### Your goal
Each line from the one holding "Download or print" to the last line of the listing must be set down exactly. No pictures are to be included.

### Data block
● ● ● ● ● ● ●
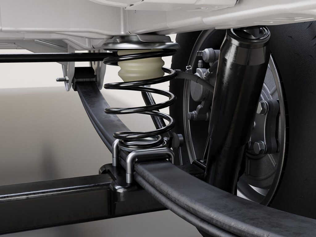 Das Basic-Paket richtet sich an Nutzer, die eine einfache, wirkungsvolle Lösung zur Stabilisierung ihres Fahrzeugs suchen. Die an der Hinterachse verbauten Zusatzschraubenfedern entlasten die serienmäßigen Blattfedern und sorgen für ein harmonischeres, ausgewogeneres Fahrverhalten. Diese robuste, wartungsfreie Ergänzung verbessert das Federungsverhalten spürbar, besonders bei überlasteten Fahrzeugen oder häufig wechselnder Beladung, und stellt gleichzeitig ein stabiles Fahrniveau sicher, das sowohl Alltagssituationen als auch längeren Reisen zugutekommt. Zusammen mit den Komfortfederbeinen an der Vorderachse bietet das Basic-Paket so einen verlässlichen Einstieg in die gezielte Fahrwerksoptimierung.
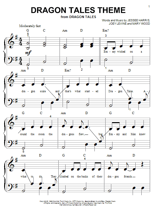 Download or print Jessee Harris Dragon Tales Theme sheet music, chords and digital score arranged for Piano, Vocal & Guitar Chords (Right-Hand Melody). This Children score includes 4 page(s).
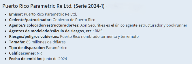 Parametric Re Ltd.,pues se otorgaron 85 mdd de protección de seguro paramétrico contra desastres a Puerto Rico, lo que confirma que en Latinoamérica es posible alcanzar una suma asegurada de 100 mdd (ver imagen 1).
● ● ● ● ● ● ●
### Task solution
 Download or print Jessee Harris Dragon Tales Theme sheet music, chords and digital score arranged for Piano, Vocal & Guitar Chords (Right-Hand Melody). This Children score includes 4 page(s).
 Parametric Re Ltd.,pues se otorgaron 85 mdd de protección de seguro paramétrico contra desastres a Puerto Rico, lo que confirma que en Latinoamérica es posible alcanzar una suma asegurada de 100 mdd (ver imagen 1).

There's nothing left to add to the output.